Landed (v0.16 foundation): analysis/audio_formats.py — the isolated, tested decode-façade. ffmpeg_available(), probe_codec() (ffprobe codec_name), is_analysable_lossless() (FLAC/WAV native; ALAC/APE/etc. by probe; an AAC .m4a correctly returns False → stays a reject), needs_ffmpeg_decode(), and decode_to_wav() (ffmpeg -i … -vn temp.wav). ffmpeg is a hard requirement for non-native formats only — FLAC/WAV never touch it. Tests in tests/test_audio_formats.py (skip if ffmpeg absent).

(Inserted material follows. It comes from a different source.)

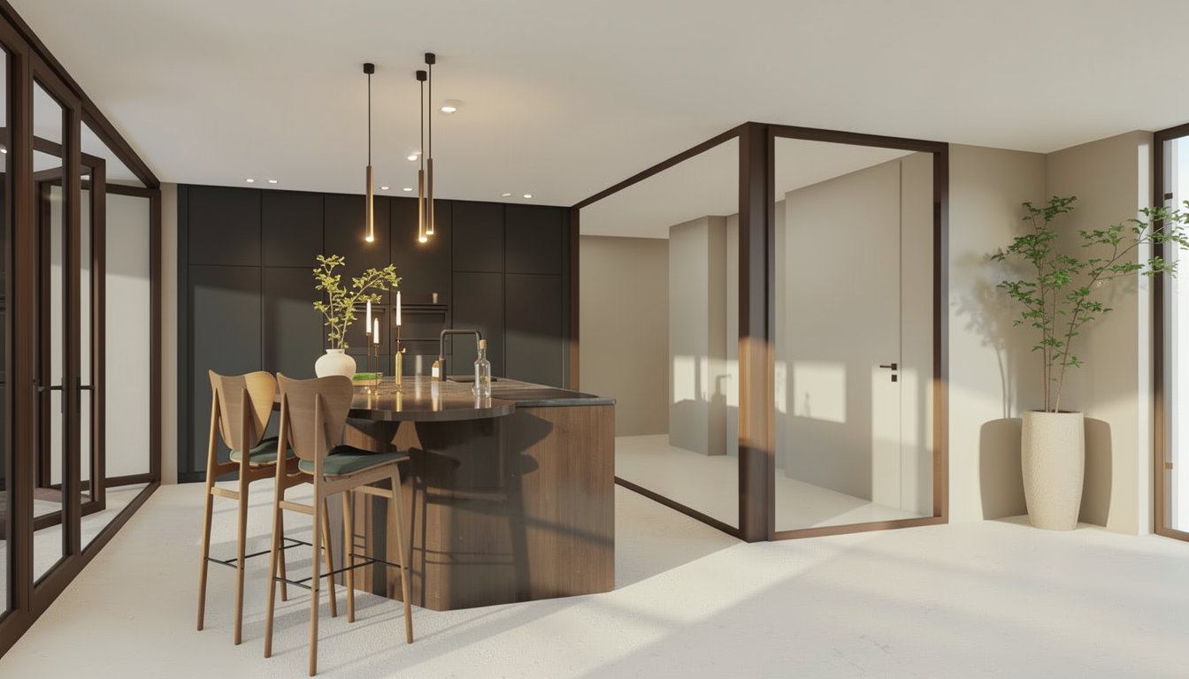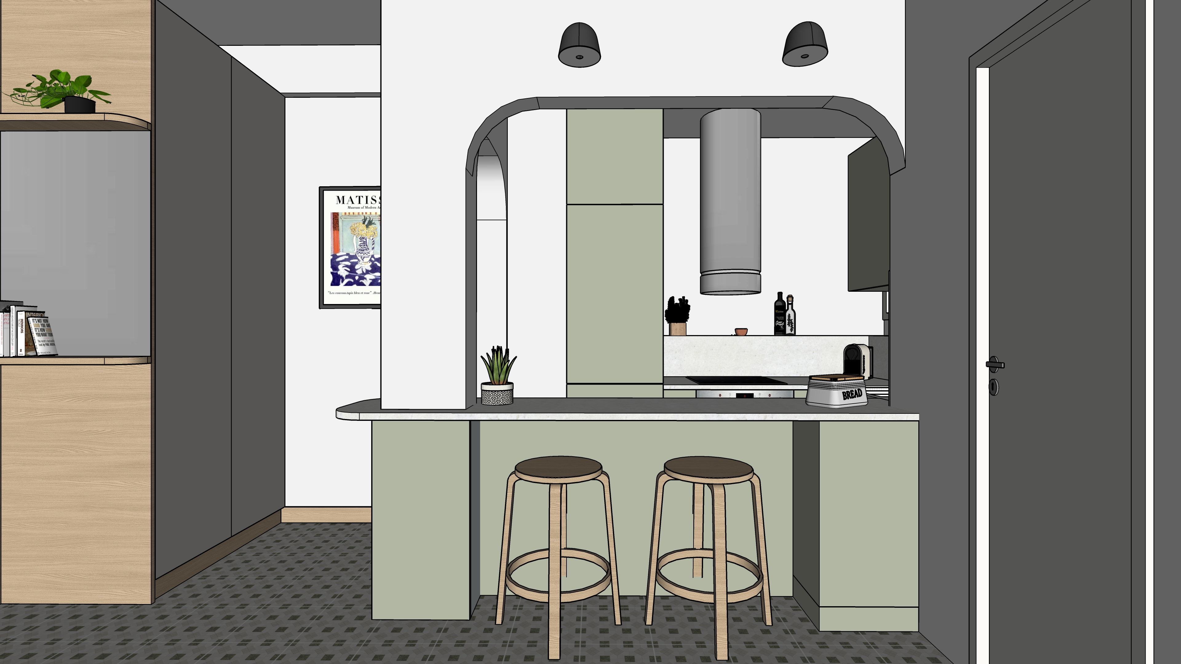 this is a renovation of an apartment the tile has a specific pattern that you should keep the walls are white the kitchen cabinets are light green from benjamin moore saybrook sage hc 114 the hood is inox mat the skirting board is light oak wood the stools are light oak wood the cupboard on the left of the image is white on the oak part of the cupboard there is mirror the sconces are dark grey the light is artificial

ALAC/APE wiring — the bitrate-from-original subtlety (must get right)

The decode-façade lets the pipeline treat ALAC/APE as a plain WAV for the spectral rules. But there’s a trap in the bitrate path:

For a lossless-compressed source (FLAC/ALAC/APE), real_bitrate = original_compressed_size × 8 / duration, and the real/apparent < 0.92 ratio is what keeps Rules 1 & 3 on (the “compressible → could be a fake” signal).
If we naively feed the decoded WAV to the calculator, it computes real_bitrate from the uncompressed WAV → ratio ≈ 1.0 → the file is mistaken for uncompressed → R1/R3 gate off → we’d miss ALAC-wrapped fakes.

So the calculator must derive real_bitrate from the original .m4a/.ape size, while the rules read audio from the decoded WAV. Today new_calculate_score(filepath, …) derives bitrate from the same filepath the rules load audio from — one path can’t be both (the original isn’t soundfile-readable). The wiring therefore needs the original size/bitrate threaded in separately (e.g. an explicit source_size/pre-computed bitrate-metrics argument), not just a temp-path swap. This is the careful core-path change that distinguishes ALAC from the trivial WAV case.

Metadata likewise: .m4a → mutagen.mp4 (or ffprobe), .ape → ffprobe, since mutagen.flac.FLAC / soundfile.info can’t read them.

Out of scope (and why)

Detecting AAC/Opus/Vorbis → lossless transcodes is a detection limit, not a format-input one. As of v1.2.0 this is less of a wall than once thought: the CNN (Rule 12) separates these codecs from genuine FLAC on full-range audio (ROC-AUC 0.94–0.99), surfaced via the --deep flag as WARNING. The genuine fundamental limit is band-limited material of any codec (baroque, 1920s, solo acoustic), where a transcode removes almost nothing — see ml/README.md. Supporting a container ≠ being able to judge it, but for these codecs the gap is now mostly closed on full-range audio.